In this setup, the camera consists of a simple dark box with a small aperture (termed pinhole), located in its front, and a film on its rear wall, with dimensions (W, H). The distance between the pinhole and the film is known as the focal length (f).

The image is formed when the light rays enter it through the pinhole (which we will assume of infinitesimal radius) and are captured by the photographic material the film is composed of. This way, an inverted image is obtained, which can be flipped in a post-processing step. Moreover, this is equivalent to forming a virtual image in front of the camera, at a distance f from the pinhole.

Virtual image formation
Example of virtual inverted image formation. The light rays project to the film located at the back of the analogic camera, causing an inversion. In order to undo the inversion, we can flip the formed image, which is equivalent to capturing a virtual image in a plane in front of the film.

2. Intrinsic matrix

2.1. Setup

In order to characterize the projection, let us start by defining the two system of coordinates involved in the transform:

  • 3D World: we define the origin of coordinates located at the camera pinhole. Furthermore, the cartesian axes will also be aligned with the camera axes.
  • 2D Image: we define the origin of coordinates located at the bottom-left corner of the virtual image.
Coordinate systems
Illustration of the two different coordinates systems: the world coordinate system, centered at the camera pinhole (pink) and the image coordinate system, centered at the bottom left corner of the virtual image (red).

Given these arbitrary definitions, we can now determine where a point $p=(x, y, z)$ will be projected in the image. To do so, we just need to recall that the projection $P=(X, Y)$ is found at the intersection between the plane containing the virtual image, and the ray passing through both the point p and the pinhole $o=(0, 0, 0)$.

For simplicity, let us focus on how the projection takes place for the horizontal dimension $x$:

Triangle similarity
Left image shows how a a 3D point $\vec{p}$ is projected into the virtual image at pixel $\vec{P}$. Right image focuses on the ZX plane.

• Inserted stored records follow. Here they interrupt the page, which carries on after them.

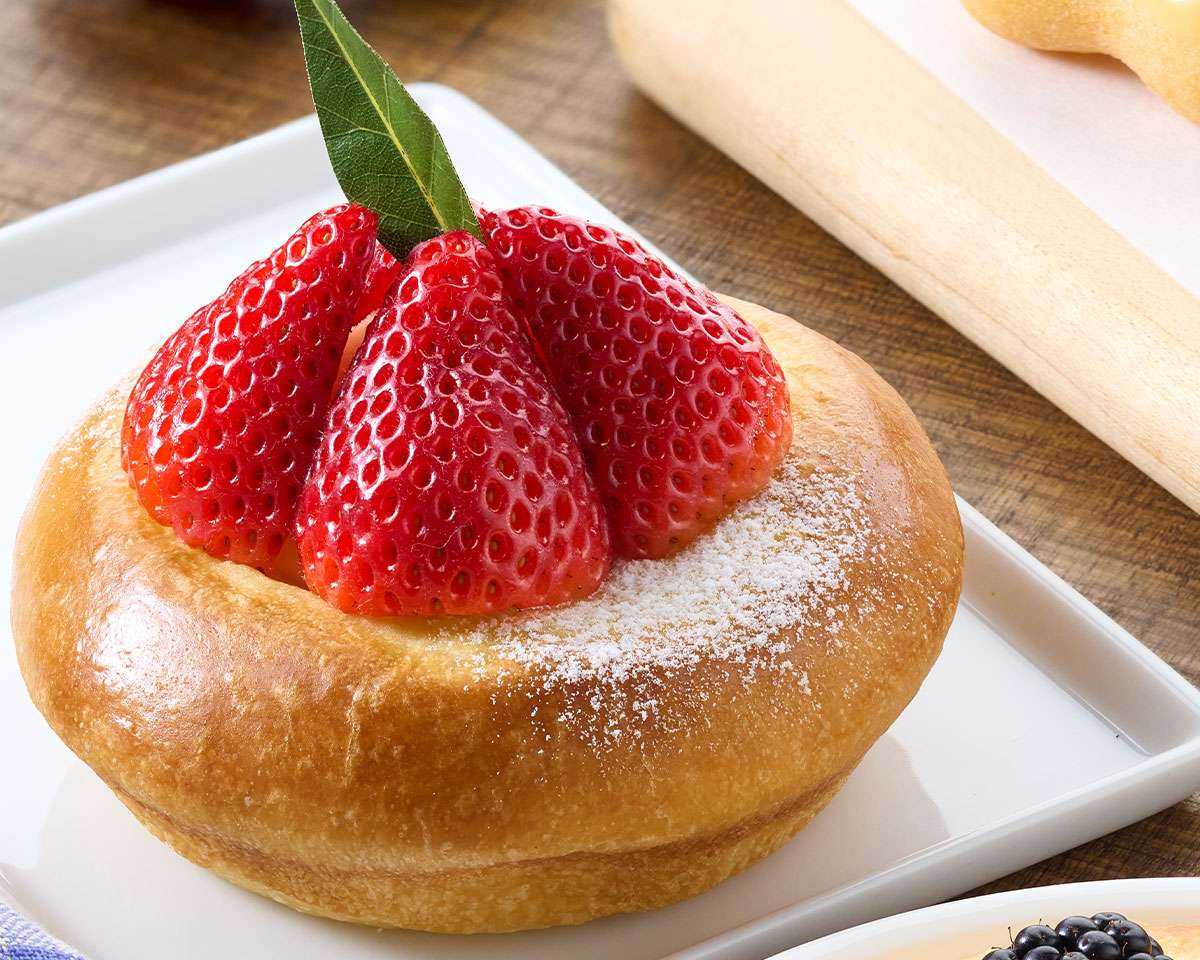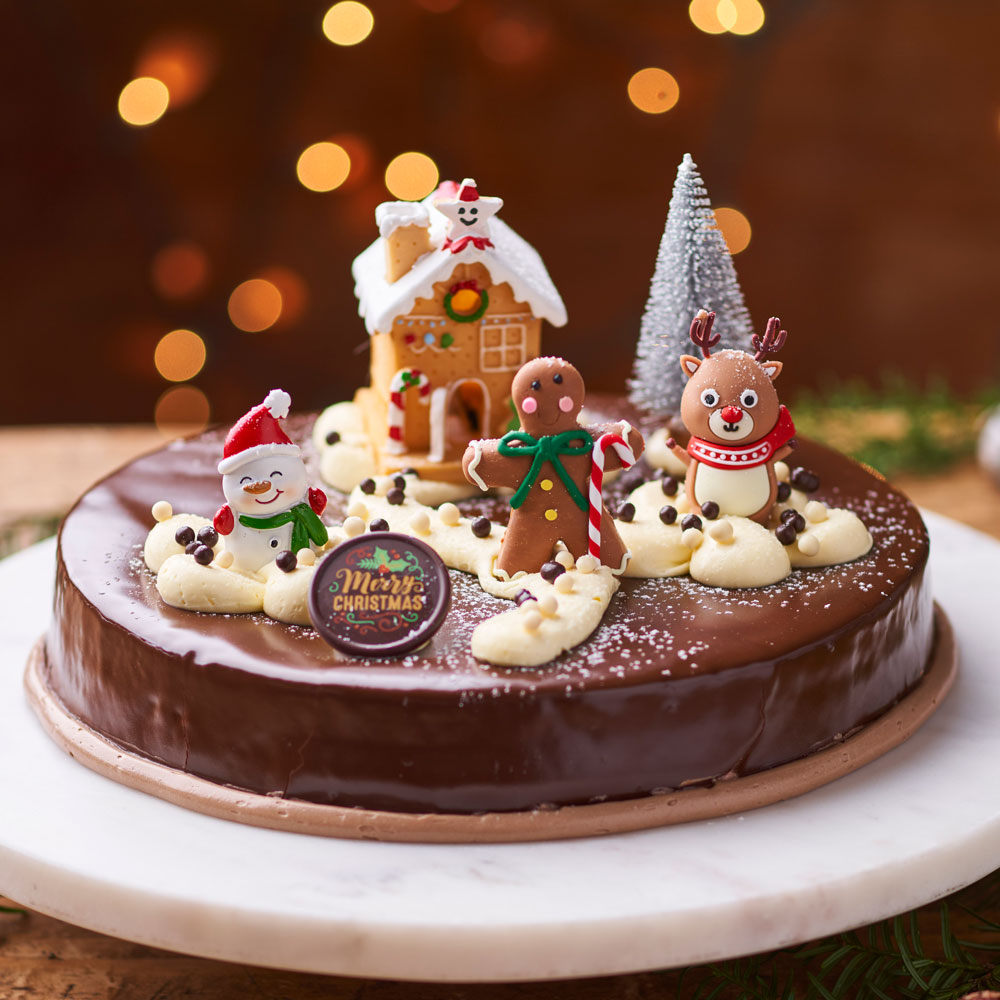Three layers of blueberry chiffon cake filled with soft cream, chocolate sixlets and sprinkle center, finished with soft cream, a chocolate macaron, strawberry and chocolate sixlets.
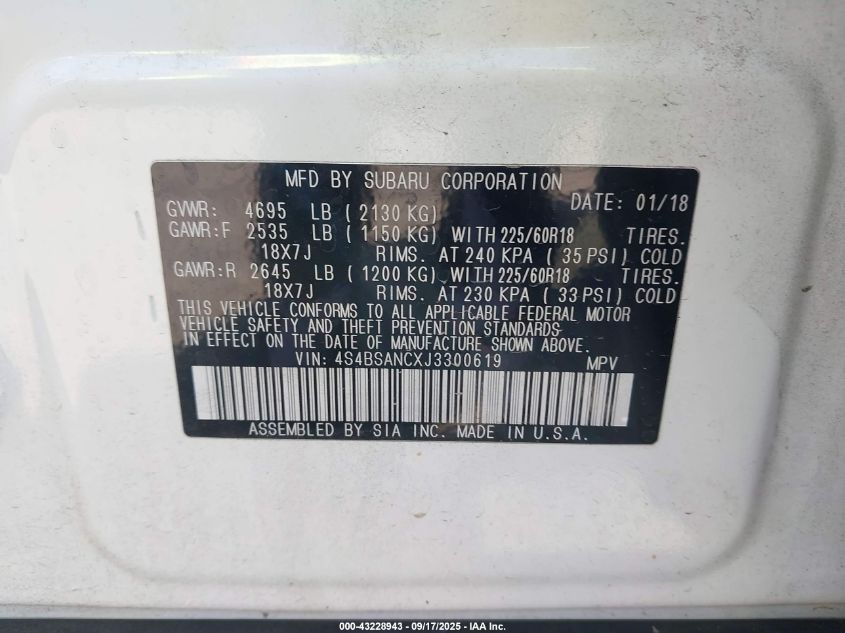 2018 SUBARU OUTBACK 3.6R LIMITED
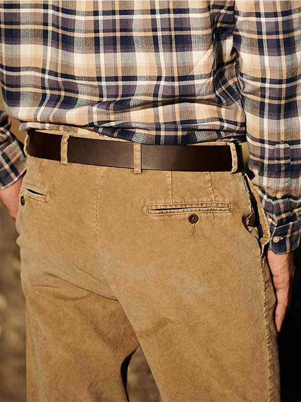 Corduroy Broek "Mr. Bradley" In Beige 29. De corduroy herenbroek "Mr. Bradley", gemaakt van medium-fijne genuaanse ribcorduroy, belichaamt klassieke stijl en uitzonderlijk comfort. Gemaakt van hoogwaardige bi-stretchstof met een hoog katoengehalte en stretchvezels, past de broek zich perfect aan elke beweging aan en behoudt hij zijn vorm.

We can observe that there are two similar triangles (black and green) on the right image. Therefore, the rate between the lengths of their sides is preserved:

$$ \begin{equation}\frac{z}{x} = \frac{f}{X-\frac{W}{2}}\end{equation} $$

or equivalently

$$ \begin{equation}f\cdot x+\frac{W}{2}\cdot z=X \cdot z\end{equation} $$

We can derive the projection along the y dimension in an analogous fashion, resulting in:

$$ \begin{equation}f\cdot y+\frac{H}{2}\cdot z=Y \cdot z\end{equation} $$

2.2. Homogeneous coordinates

At this point, it is worth wondering: can we express the previous equations as a matrix product?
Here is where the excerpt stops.